6.Shock and Vibration
Expect nickel-metal hydride cells to easily withstand the normal shock and vibration loads experienced by portable electronic equipment in day-to-day handling and shipping. Consult with BOKA regarding applications required operation in more intense shock and vibration environments.
7.Ventilation and Isolation
The primary gas emitted from the nickel-metal hydride cell when subjected to excessive overcharge is hydrogen as opposed to oxygen for the nickel-cadmium cell. Although venting of gas to the outside environment should not occur in a properly designed application, isolation of the battery compartment from other electronics(especially mechanical switches that might generate sparks)and provision of adequate ventilation to the compartment are required to eliminate concerns regarding possible hydrogen ignition.

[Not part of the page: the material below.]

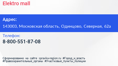 Elektro-mall по адресу 143003, Московская область, Одинцово, Северная, 62а в дальнейшем Организация, размещена в следующих категориях:

Isolation of the battery from heat-generating componetry and ventilation around the battery will also reduce thermal stress on the battery and ease design of appropriate charging systems.
8.Termination
Since the exterior of the nickel-metal hydride cell is nearly identical to that of the nickel-cadmium cell, all termination procedures accepted for the nickel-cadmium cell apply equally well to the nickel-metal hydride cell. The recommendation against use of mechanical(pressure)contacts in favor of welded terminations, especially to nickel-metal hydride cells. The prohibition against soldering directly to the cell to prevent heat damage to plastic seal components also applies.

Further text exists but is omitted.